Doch jetzt ist wirklich Schluss. Drei Hurrikane hat er überstanden, ist 40 verschiedene Schiffe gefahren, vom Tanker bis zum Frachtschiff. Hat es denen bewiesen, die ihn für nicht mehr seetauglich einstufen wollten, als er sich 1960 an Bord der "Cap Ortegal" einige Finger der rechten Hand an einer Eisentür einklemmte. Hat es Ende der 70er-Jahre ertragen, dass ein junger Mann seiner Mannschaft freiwillig über Bord ging. Und die Veränderungen seines Berufs in den letzten Jahren missbilligend verfolgt: "Heute ist man nur noch zu fünf Prozent Kapitän. Und zu 95 Prozent Verwaltung."

Wenn er heute nach der Übergabe mit seinem Nachfolger von Bord geht und nach Buxtehude fährt, hat er schon Pläne im Kopf: "Deutschland kennenlernen mit dem Auto". Aquarelle zeichnen.
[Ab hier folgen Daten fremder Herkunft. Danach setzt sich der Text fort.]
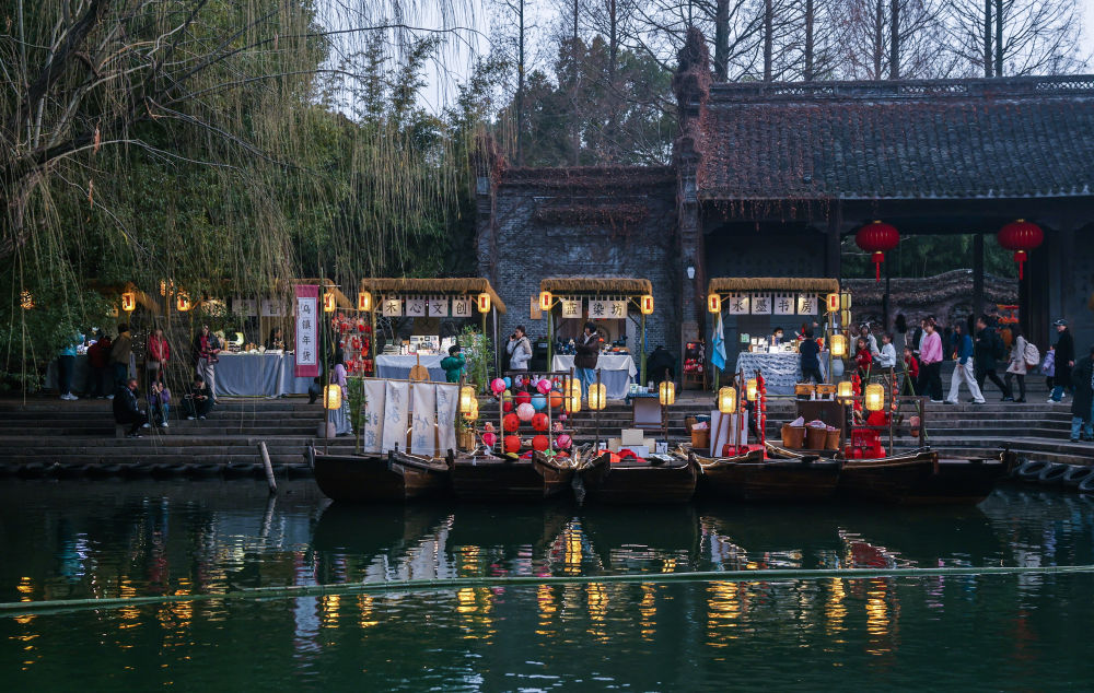 2025年1月23日拍摄的乌镇景区内的水上市集。1月23日至2月12日,浙江桐乡千年古镇乌镇景区融合水乡非遗推出江南水乡迎春“水灯会”,整个灯会由十余组大型灯组组成,将传统非遗与现代科技完美融合,结合古镇长街宴、水上市集、传统非遗技艺展示等活动,在新春佳节为游客们呈现一场视觉盛宴。
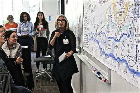 "Our relationship has always been pure and joyful. I never grow tired of it." The marriage has opened Eileen up to a deeper understanding symbols. "Now, I trust the symbols to speak to me and participate in the storytelling. I look to see what symbol has emerged. My favorite example is when a group kept going back and forth between their value chain and complaints about issues they were having. I'd draw the chain across the page and those gripes off in a corner eventually linking them. During the final viewing of the work someone said, 'OMG, it's a ball and chain!' They were being weighed down by the unresolved issues that kept them from doing what they needed to fix their supply chain. Words capture ideas; images free them."
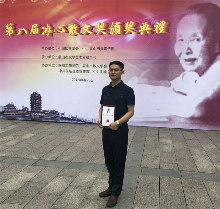 第八届冰心散文奖新鲜出炉!6月23日,第八届冰心散文奖颁奖仪式暨获奖作家东坡故里大型采风活动在四川眉山举行,我校创意写作学院教师徐庶等捧走本届中国散文最高奖——冰心散文奖。
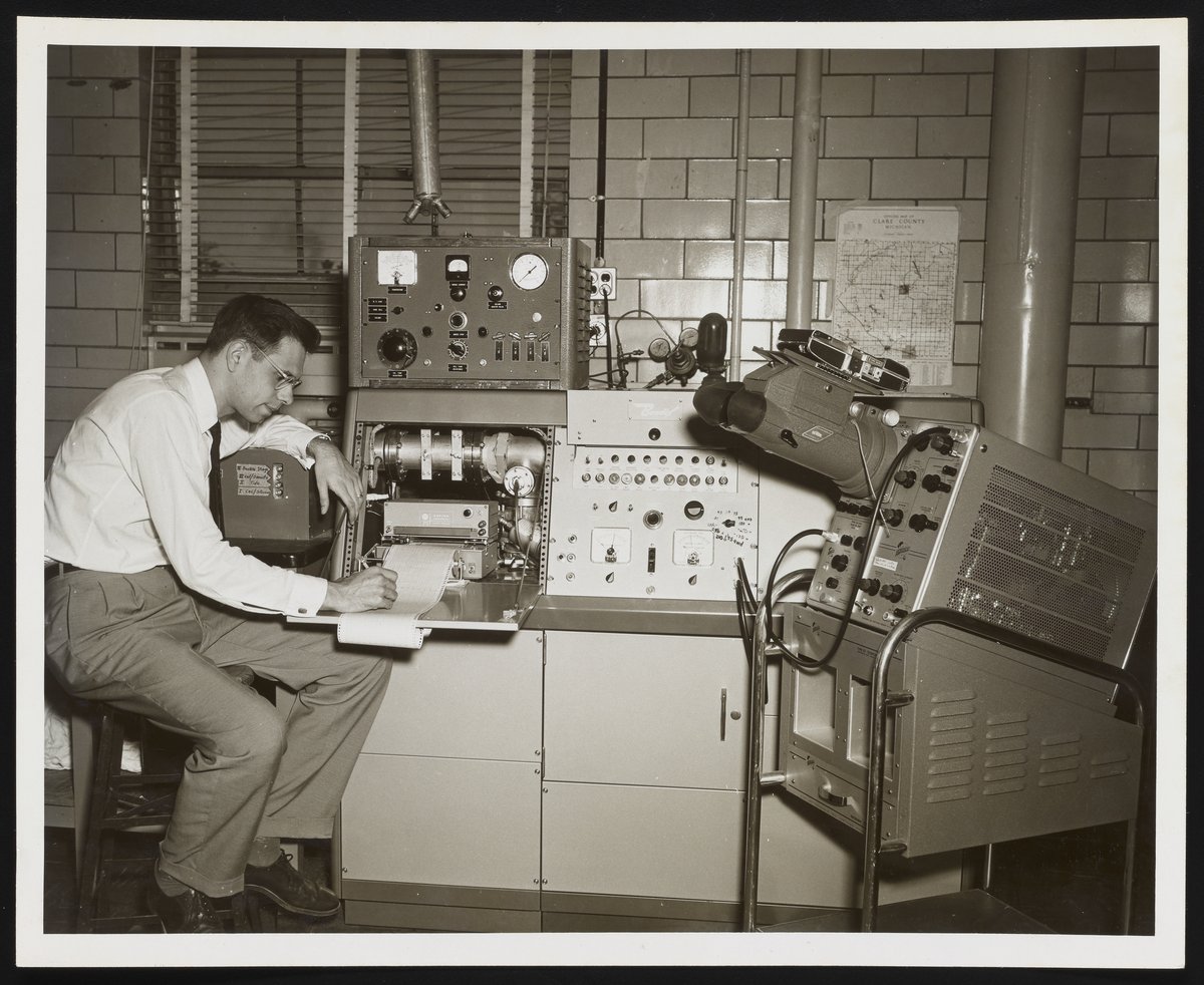 Bendix employee with assorted scientific instruments

Und mit der HVV-Karte auf einer Hafenfähre den Hamburger Hafen mal aus einer ganz anderen Perspektive sehen.

In ihrem neuen Buch "Wellenbrecher - Kapitäne erzählen ihre besten Geschichten" (Ankerherz Verlag, 248 Seiten, 29,90 Euro), das gerade erschienen ist, haben Autor Stefan Krücken und Fotograf Achim Multhaupt die Erinnerungen von 25 Kapitänen zusammengefasst. Darunter ist auch Niels Callsen.